La nouveauté introduite par rapport au modèle taylorien est liée à l'injection d'une certaine
souplesse dans les modes de gestion des hommes et/ou l'organisation du travail. L'analyse de
cas d'entreprises nous a permis de mettre en évidence que le modèle M1 tire en fait vers M4, en
développant des processus de gestion qualifiante partielle, ou encore vers M2, en mettant en
oeuvre une élasticité limitée de l'emploi.
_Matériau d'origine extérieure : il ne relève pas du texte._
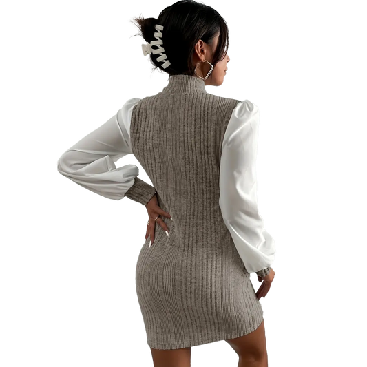 Svetlosivé rebrované pletené šaty s dlhým rukávom

Ainsi, tout en se référant clairement à une notion de poste, l'exemple de Rohr Europe illustre
une approche orientée vers une gestion qualifiante. Simplement, ici ce ne sont pas les
compétences utilisables qui sont valorisées, mais les compétences effectivement mises en
oeuvre ; en outre, les pratiques de mobilité qui aménagent la souplesse du système, n'y sont pas
généralisées comme dans le modèle M4.
Quant au cas de P.E.A., il renvoie plutôt à une démarche de type organisation qualifiante où
l’emploi présente une élasticité, mais la progression y observe un parcours obligatoire. Dans cet
exemple, l'évolution du système réside dans le fait que la progression individuelle ne dépend
plus d'un poste physique. Si le poste, en tant qu'enveloppe prédéterminée de compétences est
maintenu, la notion d'organigramme est par contre abandonnée. Le poste ne demeure que
comme référence de base dans l'évaluation des compétences. Selon le principe de l'organisation
qualifiante, l'autonomie de progression individuelle est encouragée par des organisations du
travail plus flexibles et collectives, les évolutions de compétences restant toutefois soumises à
un référentiel défini contractuellement. Ainsi, le parcours d'acquisition de compétences nécessaires à la progression au sein du métier, est complètement prescrit par l'organisation. C'est
pourquoi, si l'on peut parler d'emplois élastiques, il s'agit là d'une élasticité contrainte. On
retiendra du modèle M1 qu'il présente un évident caractère de mixité.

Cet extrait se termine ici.